# PCT vs. Cruising?



## FUA225 (Mar 30, 2021)

Don’t know much about the pros and cons of cruising vs cycling and using PCT looking to get educated in this topic and I know this is the place!


----------



## DieYoungStrong (Mar 30, 2021)

How old are you?


----------



## Iron1 (Mar 30, 2021)

DieYoungStrong said:


> How old are you?



And do you like pinning enough to be married to it for life?


----------



## Boogieman (Mar 30, 2021)

Here's the low down, if your natural test production is low due to age, injury or abuse of drugs the next step is to get bloodwork done and confirm your low test. 

At this point you have 2 options get exogenous test to bring you up to a normal test level. Or deal with low test...

TRT is a lifetime commitment which is why Iron mentioned being married to a needle the rest of your life. 

If you are naturally producing a normal amount of testosterone (you can find this with bloodwork while not on any exogenous testosterone) dont bother with cruising or better known as TRT. Its a waste if money and you will shut your natural production down.


----------



## FUA225 (Mar 30, 2021)

DieYoungStrong said:


> How old are you?



I’m 25 and I’m running PCT I just didn’t know the pros and cons of both I hear people cruising all the time so I wanted to know more


----------



## Bro Bundy (Mar 30, 2021)

The real truth is with pct u lose most of your gains .Just how it is


----------



## 1bigun11 (Mar 30, 2021)

The second truth is that many advanced lifters find it necessary to "cruise" at a dose much higher than a TRT dose to keep their gains from their last blast.  You can get away with cycle, then pct to hold for a while, but once you have added 50-100 pounds of extra muscle through steroids, you will not maintain that with 200 mg week of test.


----------



## FUA225 (Mar 30, 2021)

Bro Bundy said:


> The real truth is with pct u lose most of your gains .Just how it is



Yeah it’s gonna suck bro I’m only running 300mgs test c rn but I’m hoping I don’t lose all of it, I’ve made insane gains


----------



## Bro Bundy (Mar 30, 2021)

FUA225 said:


> Yeah it’s gonna suck bro I’m only running 300mgs test c rn but I’m hoping I don’t lose all of it, I’ve made insane gains


It’s like any other drug it wears off once done


----------



## 1bigun11 (Mar 30, 2021)

FUA225 said:


> Yeah it’s gonna suck bro I’m only running 300mgs test c rn but I’m hoping I don’t lose all of it, I’ve made insane gains



Are you still making insane gains? Why do you want to end this cycle, other than somebody told you not to go past X number of weeks?


----------



## FUA225 (Mar 30, 2021)

1bigun11 said:


> Are you still making insane gains?

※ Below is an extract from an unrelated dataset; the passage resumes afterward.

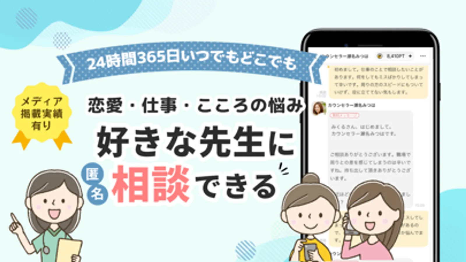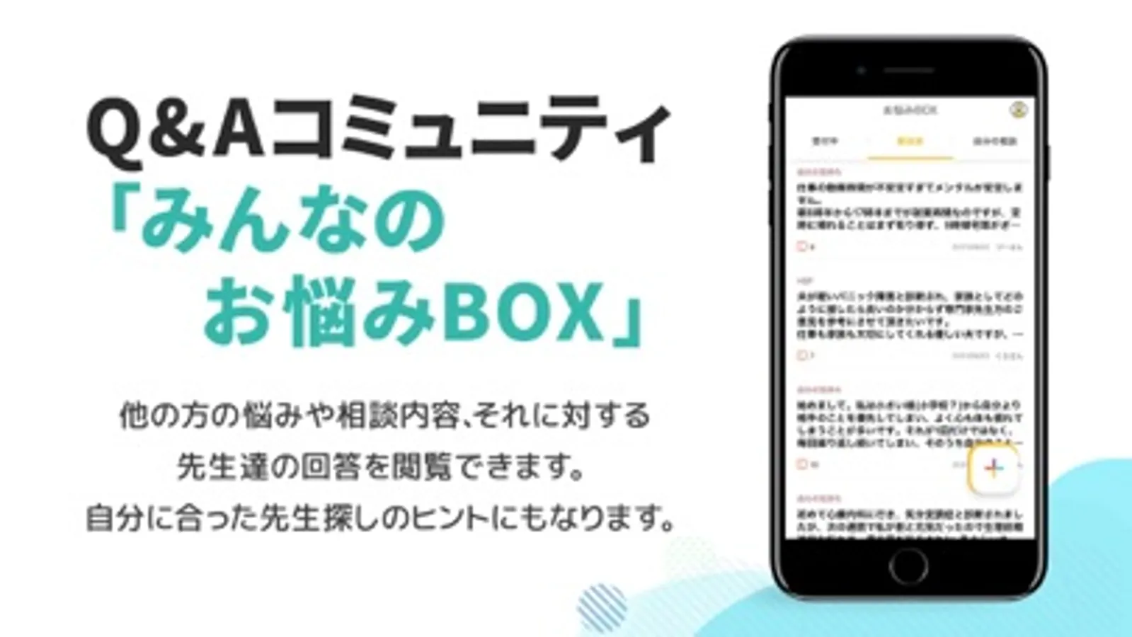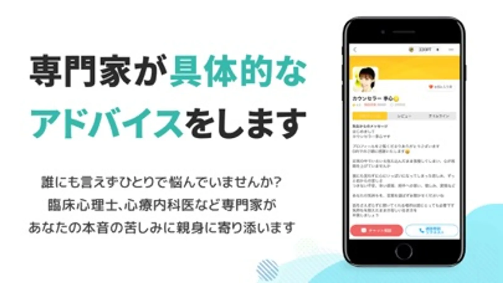日常生活や仕事、恋愛、家族、パートナー、子供、その他片付けや時間管理、自律神経の不調で生きづらさを感じていたり悩まれている方が、登録されている先生やカウンセラーに本音で相談できるアプリです。

Why do you want to end this cycle, other than somebody told you not to go past X number of weeks?



I’m coming up on 12 weeks haven’t made any noticeable gains in the last 2 weeks sitting at 185-186 was gonna end at 12 weeks but I don’t wanna stop so I might go 14


----------



## DieYoungStrong (Mar 30, 2021)

I say cycle and PCT until you can't recover anymore if you are not a serious competitive bodybuilder or powerlifter.

It's good to be able to produce test naturally. I wish I could.

You lose gains from a blast going down to a trt cruise too. Not just PCT.


----------



## snake (Mar 30, 2021)

This is not just directed at you FUA225 but I wish guys would do more research and get the big picture. Every dude that does their first cycle has Googled, "What gains to expect for my first cycle". Yet no one Googles, "How much will I lose after my cycle" prior to the start of said cycle. My point is, when you have all the information, you can also have a more realistic expectation of the net worth from the cycle. 

As for the length of your cycle, you could extend it and extend the gains. Still at the end of the day, most of it will be gone in 4-6 months depending on the level you started at. If it were me, PCT and get your boys up and running again. I say that because you have a good chance for that to happen.


----------



## FUA225 (Mar 30, 2021)

snake said:


> This is not just directed at you FUA225 but I wish guys would do more research and get the big picture. Every dude that does their first cycle has Googled, "What gains to expect for my first cycle". Yet no one Googles, "How much will I lose after my cycle" prior to the start of said cycle. My point is, when you have all the information, you can also have a more realistic expectation of the net worth from the cycle.
> 
> As for the length of your cycle, you could extend it and extend the gains. Still at the end of the day, most of it will be gone in 4-6 months depending on the level you started at. If it were me, PCT and get your boys up and running again. I say that because you have a good chance for that to happen.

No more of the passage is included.